** Opening Records for the task block **
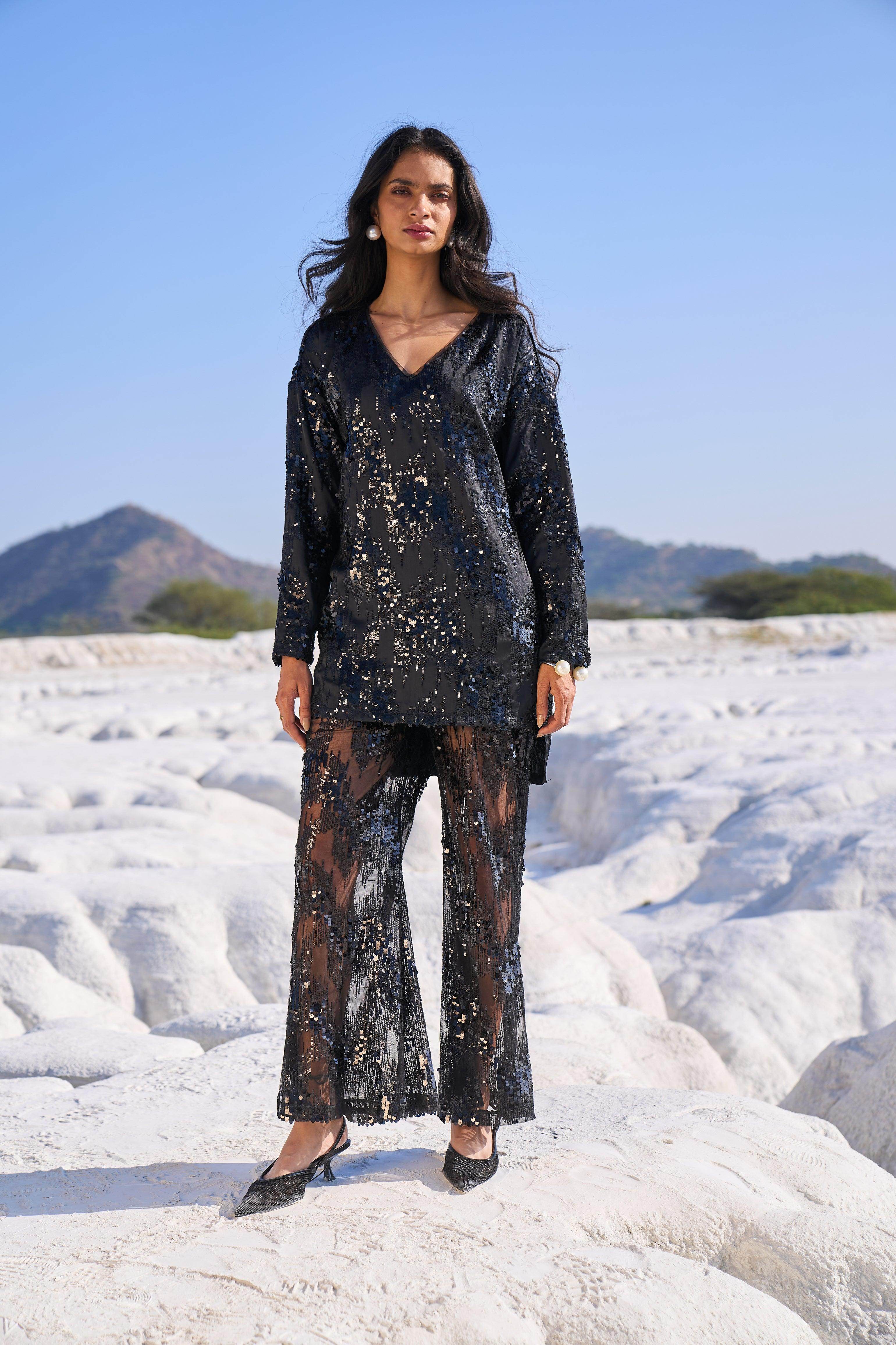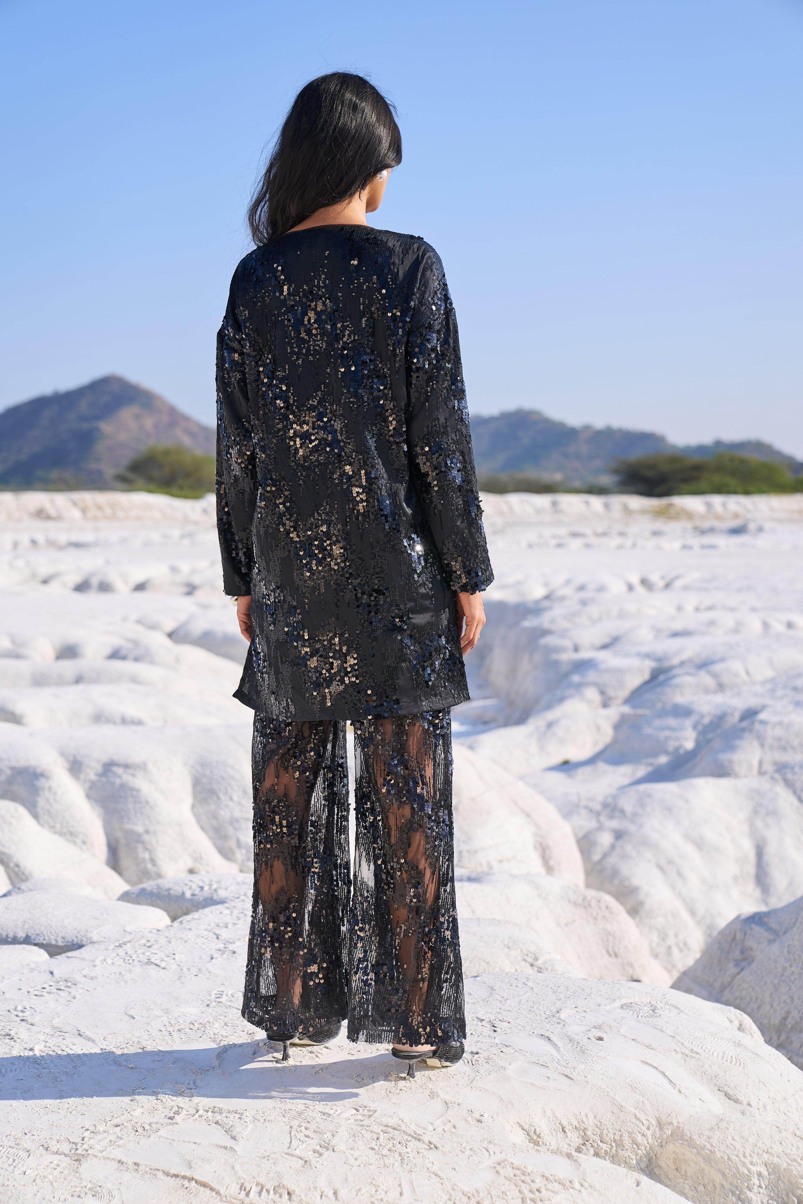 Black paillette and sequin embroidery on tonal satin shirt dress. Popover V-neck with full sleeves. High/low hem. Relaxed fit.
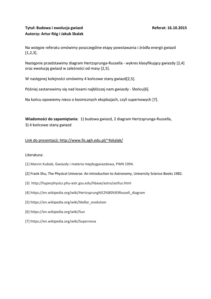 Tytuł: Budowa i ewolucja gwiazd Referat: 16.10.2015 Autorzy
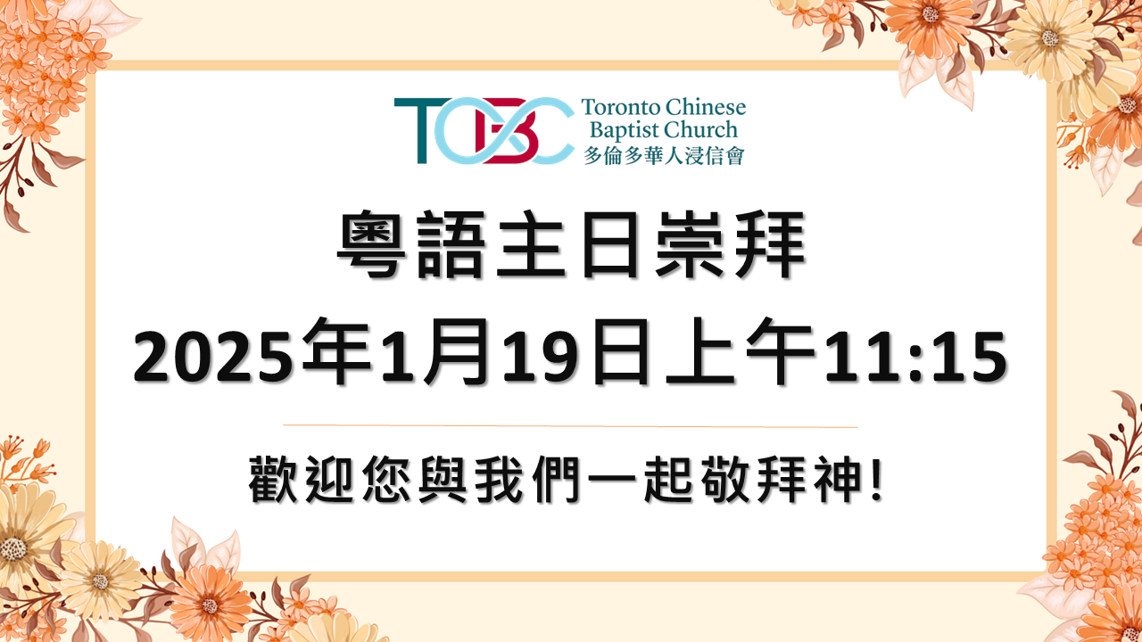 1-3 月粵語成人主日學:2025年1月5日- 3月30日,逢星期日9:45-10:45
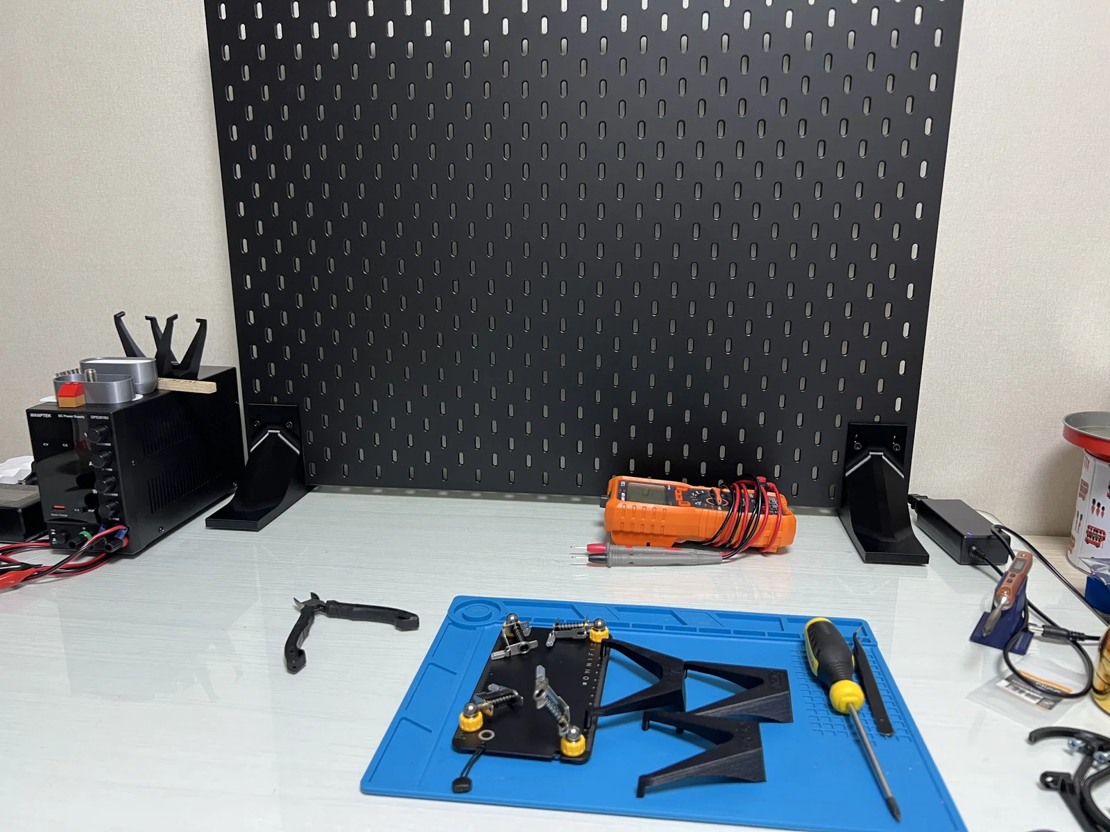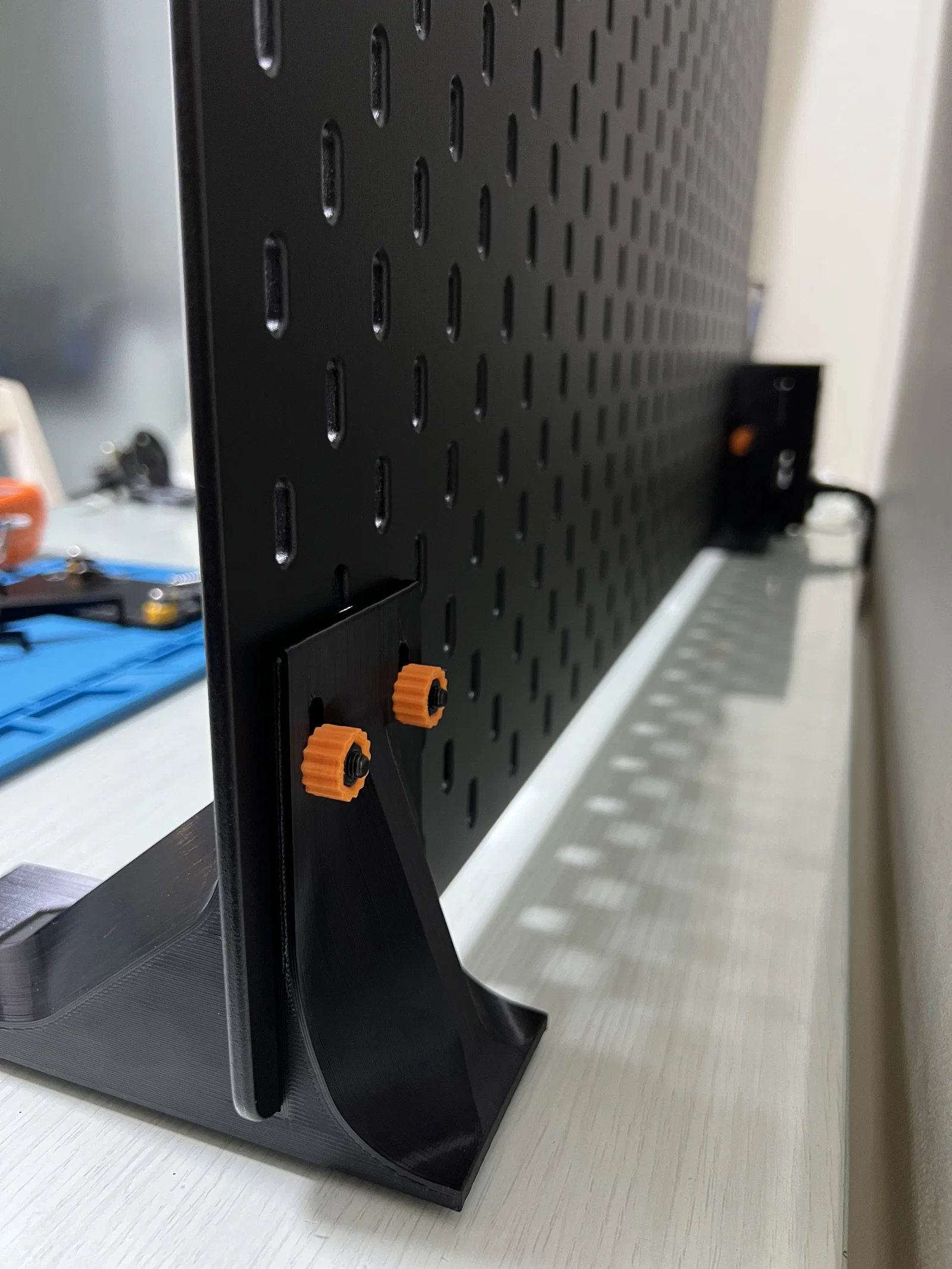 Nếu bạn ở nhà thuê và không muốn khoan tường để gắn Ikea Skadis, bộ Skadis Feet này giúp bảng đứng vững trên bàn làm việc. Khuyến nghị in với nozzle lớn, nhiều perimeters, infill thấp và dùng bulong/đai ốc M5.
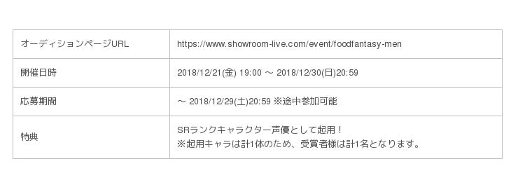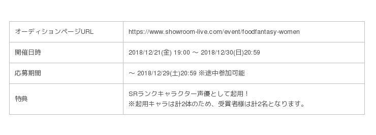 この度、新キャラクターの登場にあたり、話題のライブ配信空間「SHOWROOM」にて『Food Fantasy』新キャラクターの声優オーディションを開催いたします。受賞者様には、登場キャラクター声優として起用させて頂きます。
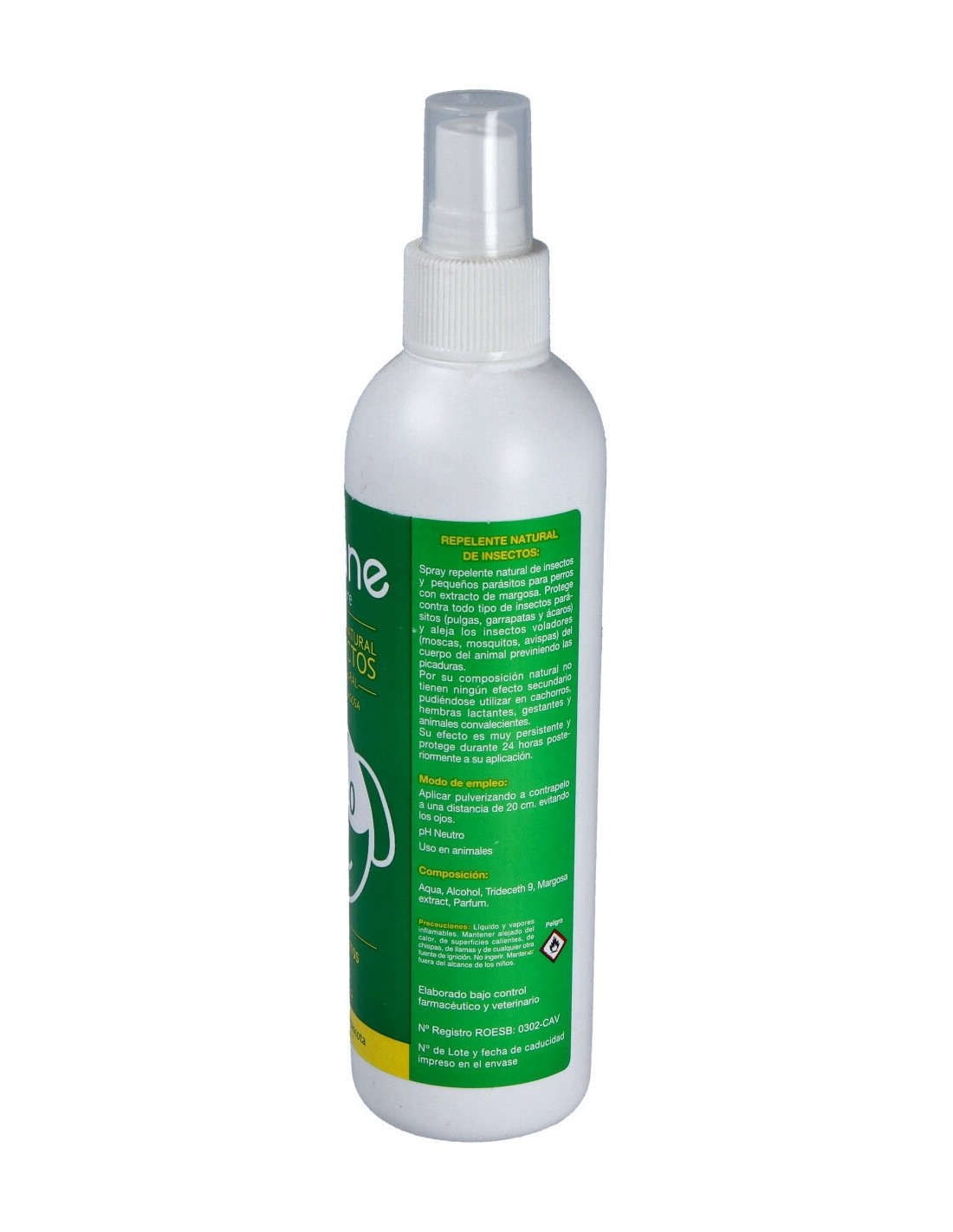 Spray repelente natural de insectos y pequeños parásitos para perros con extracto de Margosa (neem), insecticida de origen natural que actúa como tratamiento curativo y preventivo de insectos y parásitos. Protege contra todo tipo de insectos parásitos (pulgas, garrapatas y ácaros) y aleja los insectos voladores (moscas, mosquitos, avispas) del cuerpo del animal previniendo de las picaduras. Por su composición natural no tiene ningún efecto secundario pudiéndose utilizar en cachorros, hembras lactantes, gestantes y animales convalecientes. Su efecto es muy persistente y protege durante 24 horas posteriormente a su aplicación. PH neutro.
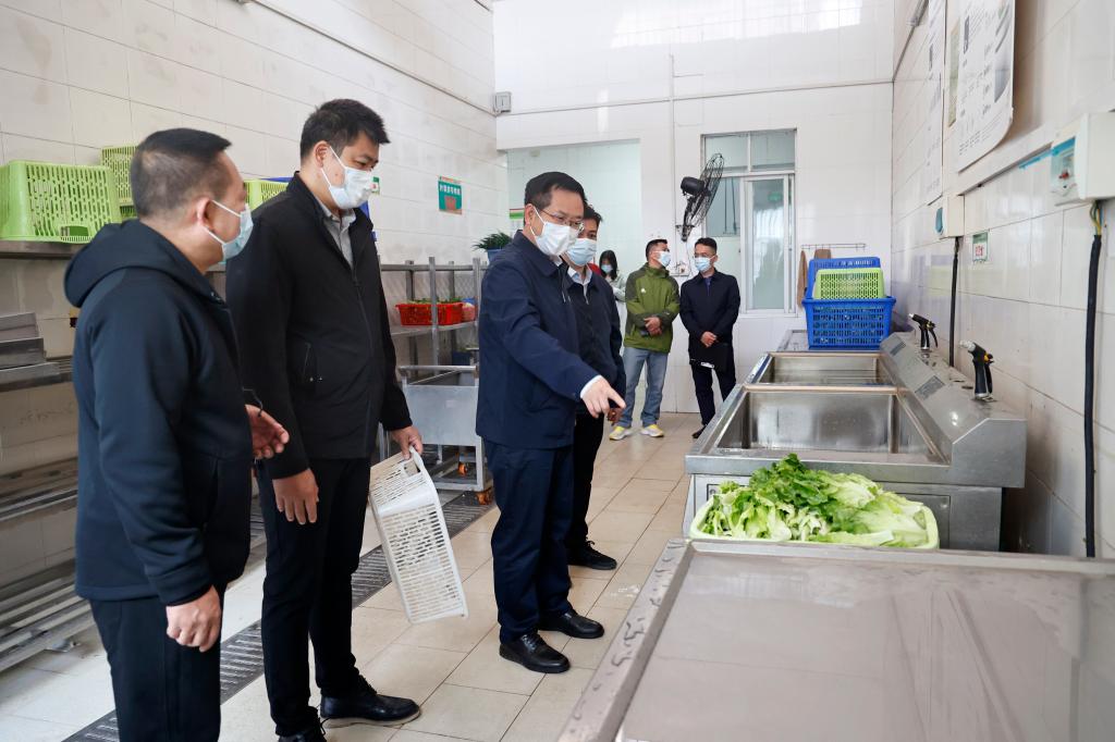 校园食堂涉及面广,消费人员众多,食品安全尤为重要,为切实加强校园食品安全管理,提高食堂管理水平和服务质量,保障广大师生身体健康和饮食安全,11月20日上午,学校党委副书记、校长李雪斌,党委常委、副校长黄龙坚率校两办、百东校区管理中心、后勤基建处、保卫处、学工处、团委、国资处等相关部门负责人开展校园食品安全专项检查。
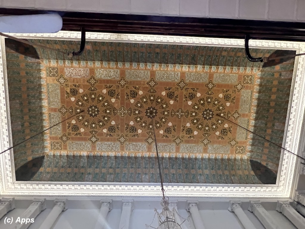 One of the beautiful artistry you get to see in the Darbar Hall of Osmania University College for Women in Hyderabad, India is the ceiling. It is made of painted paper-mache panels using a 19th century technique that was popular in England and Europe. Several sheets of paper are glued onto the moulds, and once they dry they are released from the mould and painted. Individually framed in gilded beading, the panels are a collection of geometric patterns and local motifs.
** Closing Records for the task block **
## Brief
Give again the stretch of the entries above that begins at the line with "1-3 月粵語成人主日學:2025年1月5日- 3月30日,逢星期日9:45-10:45" and ends at the line with "この度、新キャラクターの登場", word for word, with no pictures.

## Answer for this exercise
 1-3 月粵語成人主日學:2025年1月5日- 3月30日,逢星期日9:45-10:45
 Nếu bạn ở nhà thuê và không muốn khoan tường để gắn Ikea Skadis, bộ Skadis Feet này giúp bảng đứng vững trên bàn làm việc. Khuyến nghị in với nozzle lớn, nhiều perimeters, infill thấp và dùng bulong/đai ốc M5.
 この度、新キャラクターの登場にあたり、話題のライブ配信空間「SHOWROOM」にて『Food Fantasy』新キャラクターの声優オーディションを開催いたします。受賞者様には、登場キャラクター声優として起用させて頂きます。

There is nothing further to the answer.